Driver considers the parallel text in 1 Chron 17:17 to be “more obscure”[8] than 2 Sam 7:19 and similarly corrupt. He “corrects” the Hebrew of 1 Chron 17:17 to give the English sense, “and hast let me see the generations of men”. The “correction” of Hebrew might be proposed on various grounds including suggestions that substitute similar shaped consonants which result in the text having a different word. This is what Driver is essentially doing in this text and by changing one consonant he can eliminate a phrase that appears to be “as a turtledove” to “generations”. With another change to the person of the same verb from “You regard me” to “You have let me see”, Driver has engineered “and hast let me see the generations of men”. The RSV follows Driver’s approach and has “and hast shown me future generations” in 1 Chron 17:17; it then substitutes this phrase from 1 Chronicles into 2 Samuel (regardless of 2 Samuel’s actual Hebrew).

In conclusion, we can argue that Paul’s quotation of 2 Sam 7:19 in Rom 3:27—“By what law?” interprets the Hebrew as a question, retains the semantic ingredients of “law” and “men” and allows readers today to arbitrate among the various competing modern translations.

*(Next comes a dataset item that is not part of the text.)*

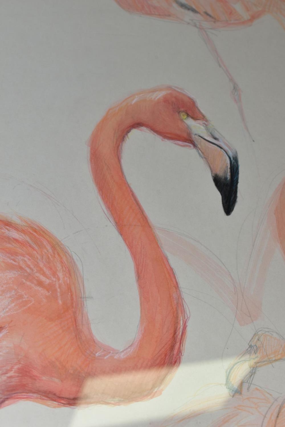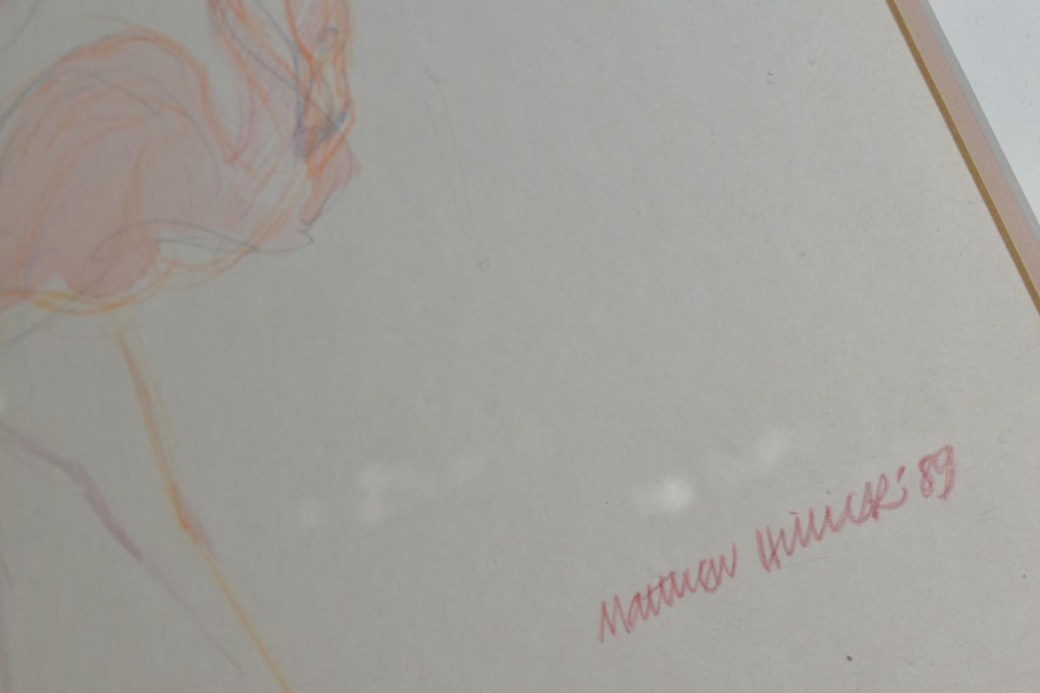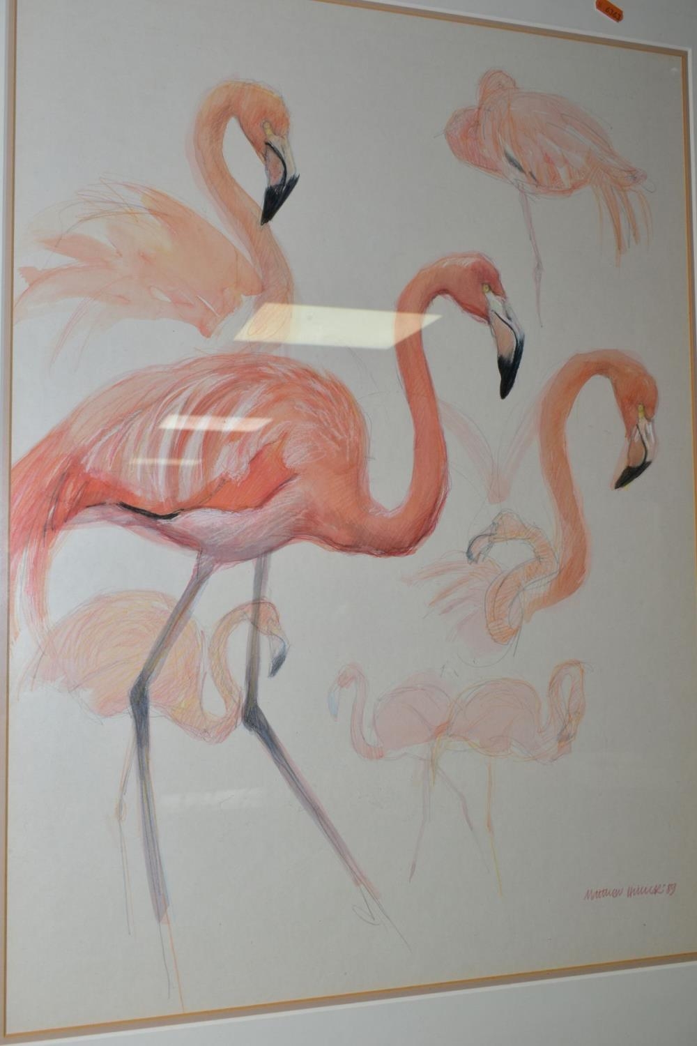 MATTHEW HILLIER (BRITISH 1958) a study of pink flamingos, signed and dated (19)89, pencil and watercolour wash on paper, mounted, framed and glazed, approximate image size 72cm x 52cm

[1] P. Wyns, “Deuteronomy 30:12-14 in Romans 10:3-8” CeJBI 3 (2008).

[2] R. Alter, The David Story (New York: Norton, 1999), 234.

[3] S. R. Driver, Notes on the Hebrew Text of the Books of Samuel (Oxford: Clarendon Press, 1890), 213.

[4] H. A. Whittaker, Samuel, Saul & David (Chino: McDonald Publishing Services, 1984), 361.

[5] W. C. Kaiser, “The Blessing of David, The Charter for Humanity” in The Law and the Prophets (ed., J. H. Skilton; Nutley: Presbyterian & Reformed, 1974), 311.

[6] Notes on the Hebrew Text of the Books of Samuel, 213.

[7] Samuel, Saul & David, 361.

[8] Notes on the Hebrew Text of the Books of Samuel, 213.